My question for Haskellers is how to do updates of values on a large scale, let's say in a simulation.
In imperative languages, the program will have a list of entities, and there will be an update() function for each entity that updates its state (position, etc) inline, i.e. new values are overwriten onto old values in memory, invoked at each simulation step.
In Haskell, how is that handled? do I have to recreate the list of entities with their changes at every simulation step? does Haskell have a special construct that allows for values to be overwritten, just like in imperative languages?
Please don't respond with 'use the IO monad' or 'better use another language because Haskell is not up for the task'. I want an actual answer. I've asked this question in the past in this and some other forums and never got a straight answer.
If you reply with 'use the IO monad' or something similar, can you please say if whatever you propose allows for in place update of values? It's important to know, for performance reasons. I wouldn't want to start simulations in a language that requires me to reconstruct every object at every simulation step.
I am asking for this because the answer to 'why Haskell' has always been for me 'why not Haskell: because I write simulations and performance is of concern to me'.
I'm not sure why you say not to respond with 'use the IO monad' because that's exactly how you'd do it! As an example, here's some code that updates elements of a vector.
import Data.Vector.Unboxed.Mutable
import Data.Foldable (for_)
import Prelude hiding (foldr, read, replicate)
-- ghci> main
-- [0,0,0,0,0,0,0,0,0,0]
-- [0,5,10,15,20,25,30,35,40,45]
main = do
v <- replicate 10 0
printVector v
for_ [1 .. 5] $ \_ -> do
for_ [0 .. 9] $ \i -> do
v_i <- read v i
write v i (v_i + i)
printVector v
printVector :: (Show a, Unbox a) => MVector RealWorld a -> IO ()
printVector v = do
list <- foldr (:) [] v
print list
It does roughly the same as this Python:
# python /tmp/test28.py
# [0, 0, 0, 0, 0, 0, 0, 0, 0, 0]
# [0, 5, 10, 15, 20, 25, 30, 35, 40, 45]
def main():
v = [0] * 10
print(v)
for _ in range(5):
for i in range(10):
v_i = v[i]
v[i] = v_i + i
print(v)
if __name__ == '__main__': main()
I have a rather niche theory that many Hindley-Milner type inference tutorials written by Haskellers insist on teaching the error-prone, slow, details of algorithm W because otherwise the authors would need to commit to a way to do destructive unification (as implied by algorithm J) that doesn't attract pedantic criticism from other Haskellers.
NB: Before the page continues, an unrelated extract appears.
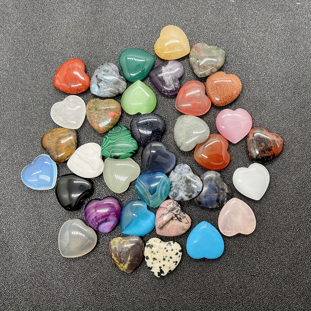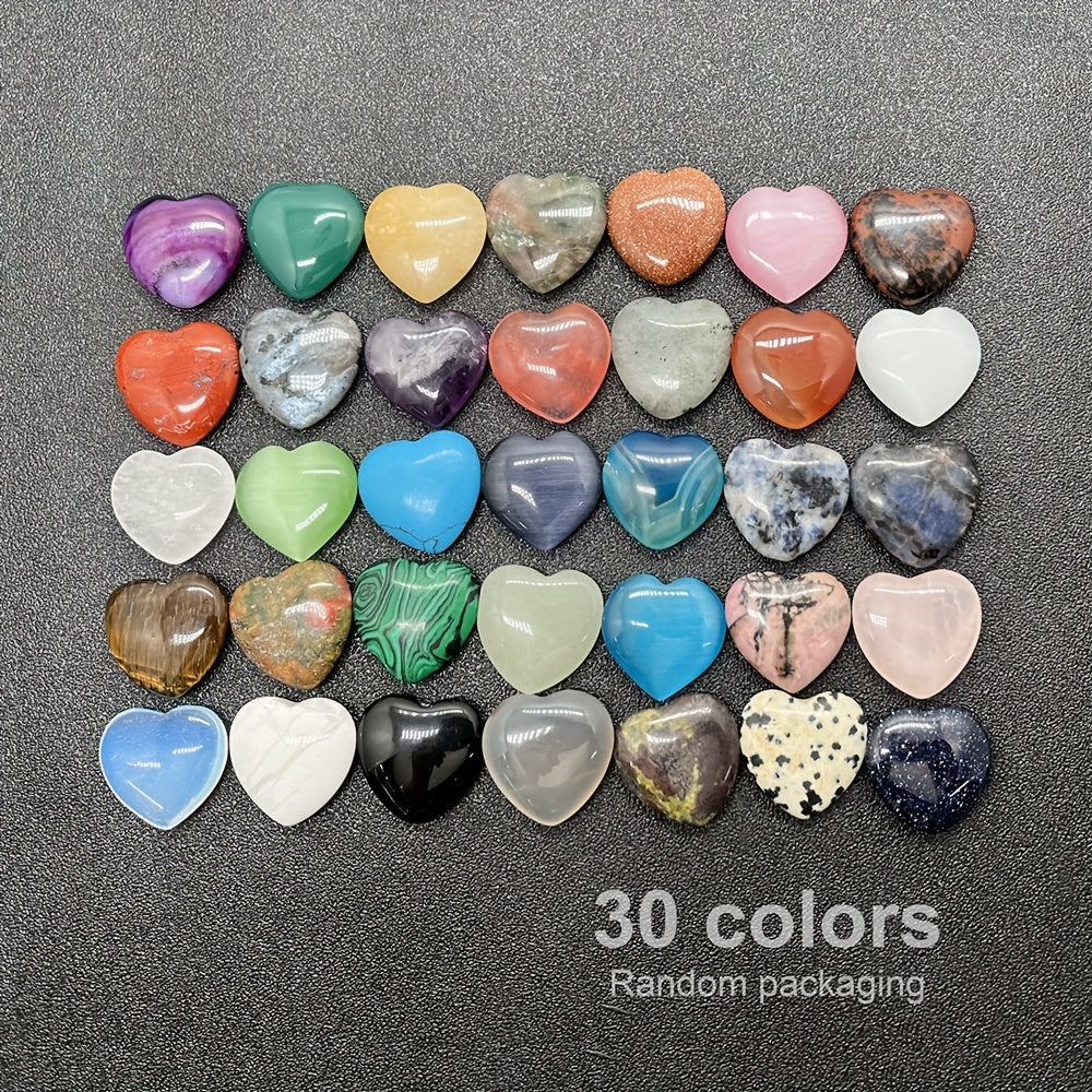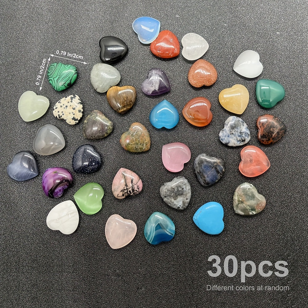 Enhance your well-being with this set of 30 different colored heart-shaped healing stones. Each stone measures 0.78 inches and is perfect for meditation, reiki, or as a thoughtful gift.

For me, I stopped trying to learn Haskell because I couldn't quite make the jump from writing trivial (but neat) little self-contained programs to writing larger, more involved, programs. You seem to need to buy into a contorted way of mentally modelling the problem domain that doesn't quite pay off in the ways advertised to you by Haskell's proponents (as arguments against contrary approaches tend to be hyperbolic). I'm all for persistent data structures, avoiding global state, monadic style, etc. but I find that OCaml is a simpler, pragmatic, vehicle for these ideas without being forced to bend over backwards at every hurdle for limited benefit.
> In imperative languages, the program will have a list of entities, and there will be an update() function for each entity that updates its state (position, etc) inline, i.e. new values are overwriten onto old values in memory, invoked at each simulation step.
> In Haskell, how is that handled? do I have to recreate the list of entities with their changes at every simulation step? does Haskell have a special construct that allows for values to be overwritten, just like in imperative languages?
You don't _have to_ recreate the list each time, but that's probably where I'd suggest starting. GHC is optimized for these kinds of patterns, and in many cases it'll compile your code to something that does in-place updates for you, while letting you write pure functions that return a new list. Even when it can't, the runtime is designed for these kinds of small allocations and updates, and the performance is much better than what you'd get with that kind of code in another language.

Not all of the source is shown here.